* **Data entries**:
+++

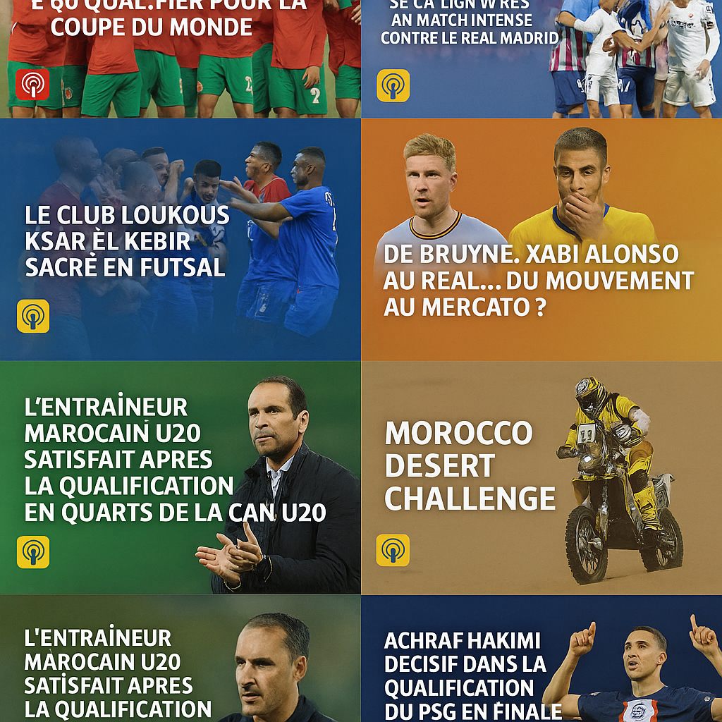 Cette collection de podcasts sportifs couvre plusieurs sujets importants, notamment l'objectif de la sélection marocaine U20 de se qualifier pour la Coupe du monde, le FC Barcelone remportant le titre de champion de la Liga après un match intense contre le Real Madrid, et la performance notable mais entachée d'une expulsion d'Abderrazak Hamdallah en Saudi Pro League. D'autres podcasts sportifs incluent le sacre du Club Loukous Ksar El Kebir en futsal, les rumeurs de transfert concernant Kevin De Bruyne et l'arrivée supposée de Xabi Alonso au Real Madrid, le Morocco Desert Challenge, la satisfaction de l'entraîneur marocain U20 après la qualification pour les quarts de finale de la CAN U20, et le rôle décisif d'Achraf Hakimi dans la qualification du PSG pour la finale de la Ligue des Champions.
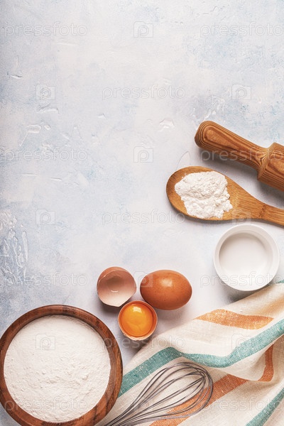 Ингредиенты для выпечки - мука, деревянная ложка, яйца
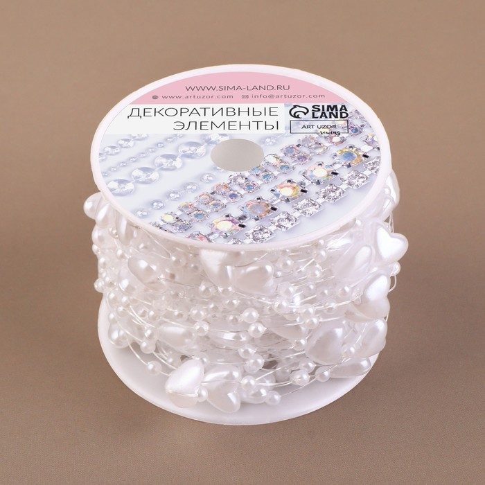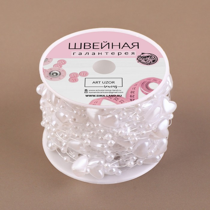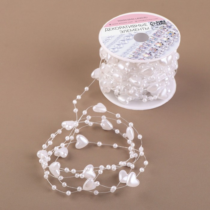 Бусы на леске, «Сердца», 3/9 мм, 9 ± 0,5 м, цвет белый — Характеристики
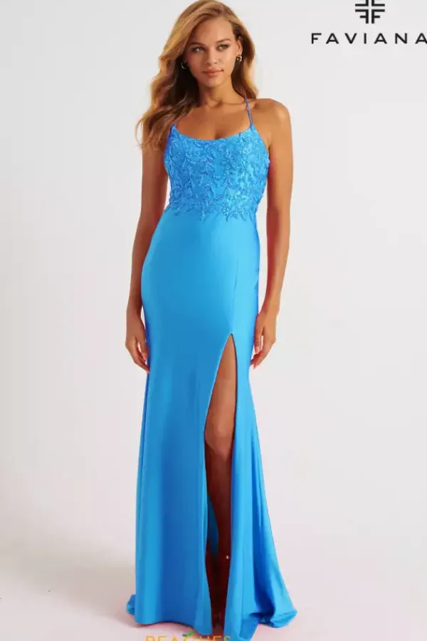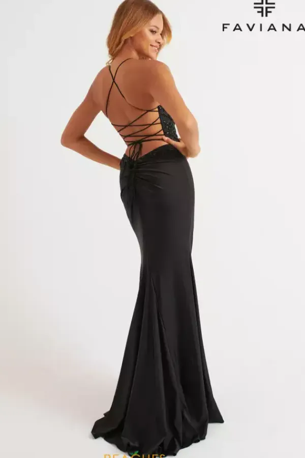 Gorgeous Faviana long dress 11264 is the perfect choice for any special event. The timeless fitted dress showcases a modest scoop neckline paired with thin shoulder straps that flow into a lace up open back ensuring a perfect fit. The charmeuse material features a touch of dazzling beadwork adding the perfect amount of sparkle.
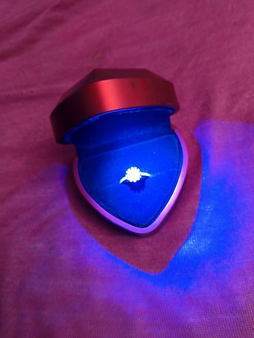 - Встроенная LED‑подсветка: при открытии крышки загорается холодный белый свет, красиво подсвечивает камень и оправу

+++

Every line between the one containing "Gorgeous Faviana long" and the last line of the data above, both included, should be copied exactly, but not the pictures.

 Gorgeous Faviana long dress 11264 is the perfect choice for any special event. The timeless fitted dress showcases a modest scoop neckline paired with thin shoulder straps that flow into a lace up open back ensuring a perfect fit. The charmeuse material features a touch of dazzling beadwork adding the perfect amount of sparkle.
 - Встроенная LED‑подсветка: при открытии крышки загорается холодный белый свет, красиво подсвечивает камень и оправу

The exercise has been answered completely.